A/N: Hm, tough crowd. That's okay though, it's only just beginning.

I apologize in advance. I don't really know much about concussions. As far as I'm concerned, Concussion + Shock + Magic = Bad.

Whatever. This is an AU, I can do what I want.

I'm going to try and publish every Tuesday, but I'd also like to have a 2-chapter buffer before I publish a new one. Which means that if it's Wednesday, and a new chapter hasn't been posted, I was too busy being a lazy bum to write. (Or I forgot, like I almost did today :/ Oops)

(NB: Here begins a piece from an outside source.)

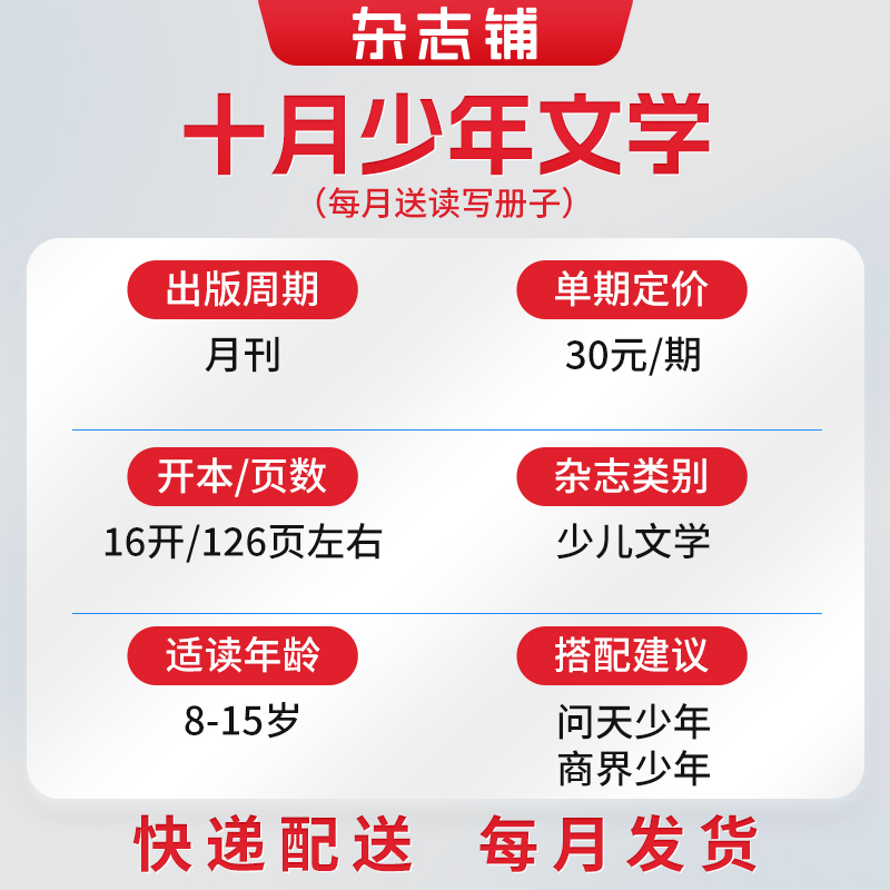 2026年1月起订 1年共12期 青少年文学文摘 送好礼 课外阅读 15岁青少年中小学生课外阅读作文素材 十月少年文学杂志 杂志铺

And again, I do not own OUAT, OUATIW, or Alice in Wonderland.


Chapter 2

"We were lovers in a past life,

I can see it in your green eyes,

Maybe you were one of my wives,

In the long lost tribe.

...

But I, I keep on falling for you,

Time after time, time after time.

I'll make you mine, time after time,

Time after time."

/-*-*-*-\

28 years ago, Wonderland

Fucking hats.

Jefferson pitched a grey carriage hat with a large green plume across the room, causing a towering stack of other failed hats to topple over, which in turn caused more towers of hats to fall. He roared in frustration and collapsed on the ground. At this rate of failure, he would never see his Grace again.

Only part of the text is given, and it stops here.